• **WORK ORDER**
Print, word for word, every line from the beginning of the listing up to and including the line with "14KT Yellow Gold". Pictures are to be excluded.

══ DATA SHOWN ══

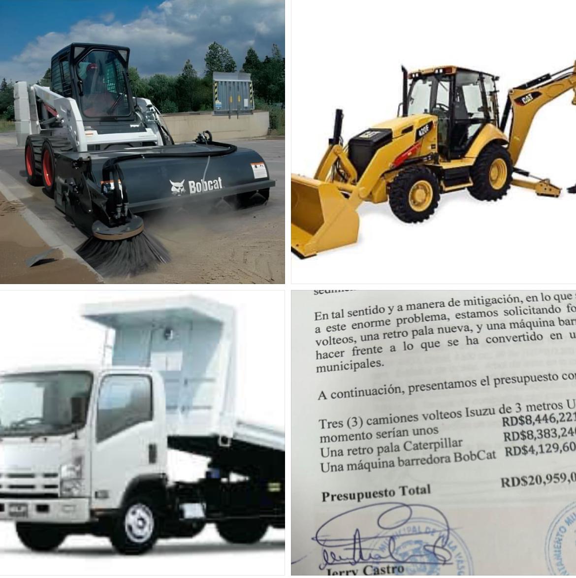 Anunciamos con mucha alegría a toda la población, que en los próximos días estaremos adquiriendo 3 volteos Isuzu Nuevos, una retro pala nueva y una máquina barredora de calle BobCat con su cajón. Estos equipos los había solicitado hace unos dos meses al presidente Luis Abinader, mediante una visita realizada Ministro Administrativo de la presidencia Andrés Bautista, junto a la gobernadora Nelsy Cruz.
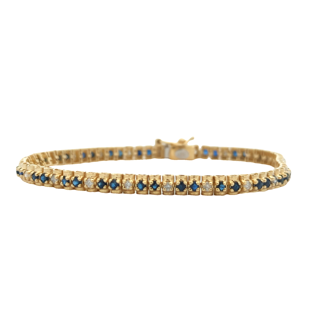 14KT Yellow Gold Natural Blue Sapphire and 0.65ctw Diamond Estate 7" Bracelet
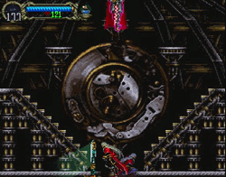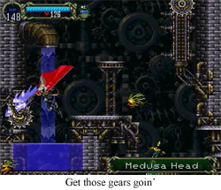 C:SotN was a landmark Castlevania game in a lot of ways, and its clock tower magnifies this fact. In nearly all previous Castlevania games, the clock tower was a grueling platforming challenge, with grinding gears and swooping medusa heads constantly encouraging the Belmont du jour to reach terminal velocity on his way to some uncomfortably placed spikes. In the SotN clock tower, all of those elements are present, but they have been defanged by the new “explore ‘em up” nature of the game. No longer do you have to fear an unforgiving death plummet into the unknown, no, now you have the full height of the screen to explore, and Alucard doesn’t dread a fall from a tower any more than diving off a waterfall or jump-kicking out of his dad’s throne room. In making Symphony of the Night a more interesting game, a less challenging, but more fun, clock tower was created.

═══

• **SOLUTION TO THIS PROBLEM**
 Anunciamos con mucha alegría a toda la población, que en los próximos días estaremos adquiriendo 3 volteos Isuzu Nuevos, una retro pala nueva y una máquina barredora de calle BobCat con su cajón. Estos equipos los había solicitado hace unos dos meses al presidente Luis Abinader, mediante una visita realizada Ministro Administrativo de la presidencia Andrés Bautista, junto a la gobernadora Nelsy Cruz.
 14KT Yellow Gold Natural Blue Sapphire and 0.65ctw Diamond Estate 7" Bracelet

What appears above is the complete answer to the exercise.